What is the complexity of these tree-based algorithms?

Question

Suppose we have a balanced binary tree, which represents a recursive partitioning of a set of $N$ points into nested subsets. Each node of the tree represents a subset, with the following properties: subsets represented by two children nodes of the same parent are disjoint, and their union is equal to the subset represented by the parent. The root represents the full set of points, and each leaf represents a single distinct point. So there are $\log N$ levels to the tree, and each level of the tree represents a partitioning of the points into increasingly fine levels of granularity.

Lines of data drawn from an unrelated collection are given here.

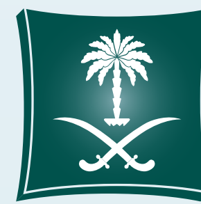
وزارة التجارة Ministry of Commerce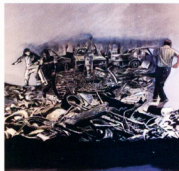
Días de furia II , 2009 Pintura acrílica y transformación fotográfica s/tela 1,60 x 1,80 m.

Los pasos del ascenso incluyen, por supuesto, las convulsiones de Días de furia , telas con transposiciones fotográficas realizadas en 2008, y las descripciones visuales de la fatiga de los pobres, cuya protesta por sus derechos se trasluce, otra vez mediante la paradoja de las evocaciones imaginarias de lo contradictorio,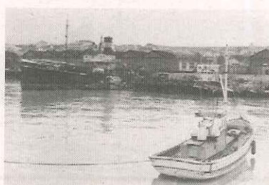
Doca de Santo Amaro anos 60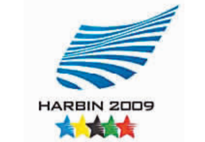
第24届大冬会专题报道(七)

一路上和“的姐”唠嗑，不知不觉就到了目的地。下车时，我才发现忘了问这位“的姐”的姓名。不过我知道这并不重要，我通过他们已经认识了美丽的哈尔滨和热情的哈尔滨人。(本报哈尔滨2月22日电)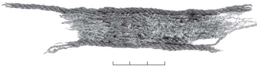
3 pav. Požerė, kapas 146. Vytinė juosta.

duomenys padeda spręsti audinių importo, vietinių tradicijų ar kitų regionų įtakos klausimus.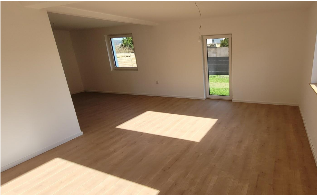
Wohn- und Esszimmer Ansicht 2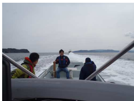
春の日差しの中2隻で藻場に移動いたしました。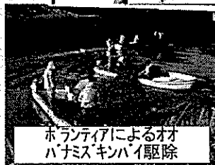
ボランティアによるオオバナミズキンバイ駆除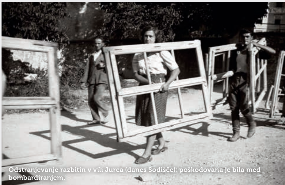
Odstranjevanje razbitin v vili Jurca (danes Sodišče); poškodovana je bila med bombardiranjem.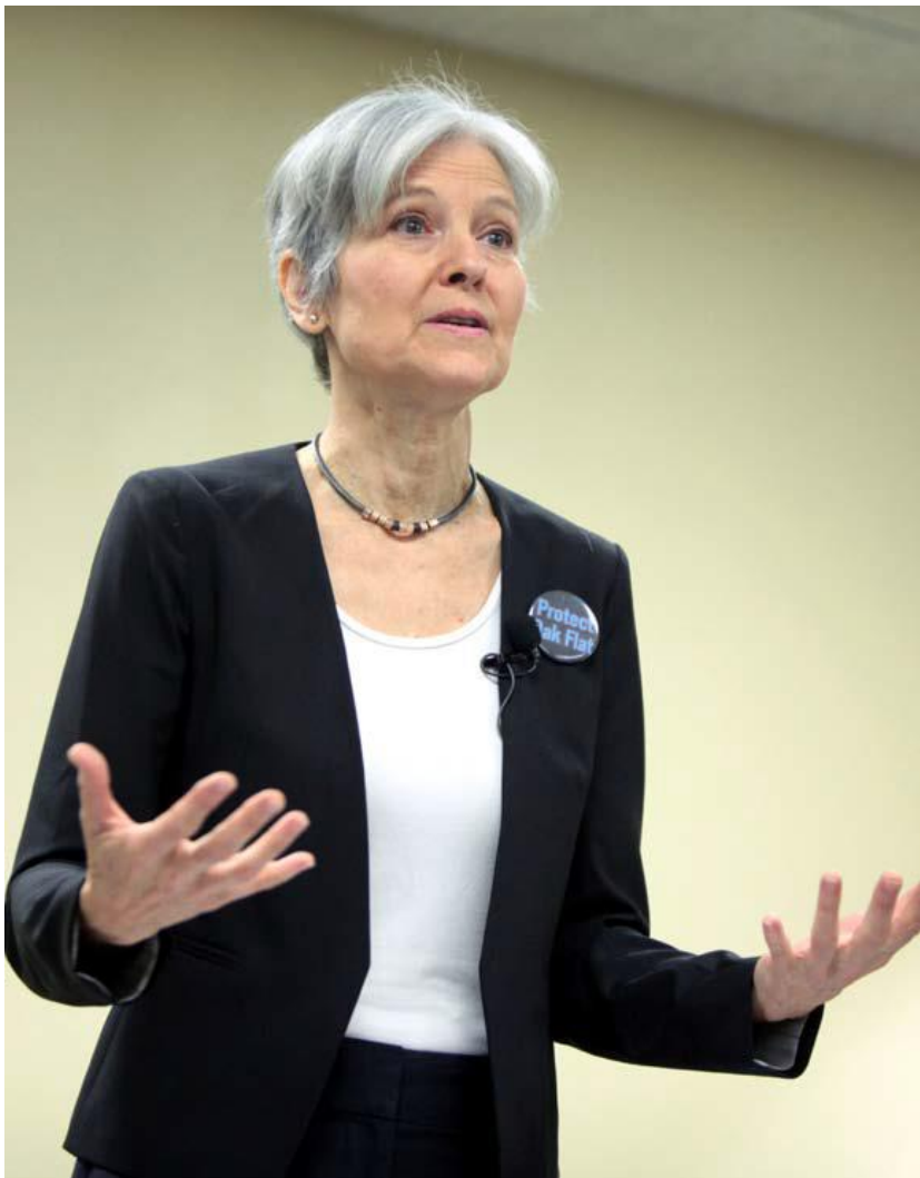
Jill Stein , ledare för det Gröna partiet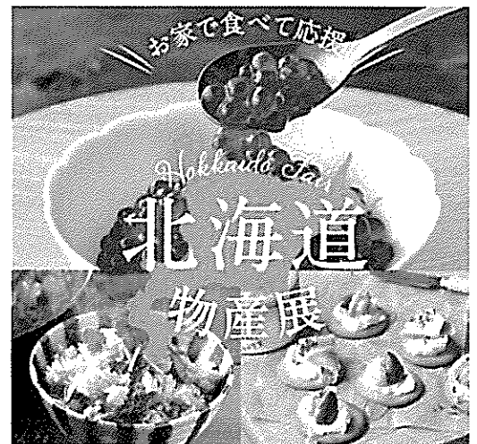
▲「お家で食べて応援！北海道物産展」 サイトイメージ

Now suppose we have two algorithms, each of which operates on all of the subsets of the tree. The first does $O(D^2)$ operations at each node, where $D$ is the size of the subset represented by the node. The second does $O(D \log D)$ operations at each node. What is the worst case runtime of these two algorithms?

We can easily bound the first algorithm as $O(N^2 \log N)$, because it does $O(N^2)$ work at each of $\log N$ levels of the tree. Similarly, we can bound the second algorithm as $O(N \log ^2 N)$, by similar reasoning.

The question is, are these bounds tight, or can we do better? How do we prove it?

Answer 1

Apply the master theorem.

The first algorithm takes $O(N^2)$ time because your underlying recurrence is

\[ T(N) = 2T(N/2) + N^2 \]

The second algorithm takes $N\log^2N$ time as you mention. If your work per node is as indicated (and is tight) then this bound is tight as well.

Update: as commenters point out, the assumption here is that the tree is weight-balanced: each child has half the nodes of the parent. This would imply the log N height bound you indicate, but is not implied by it.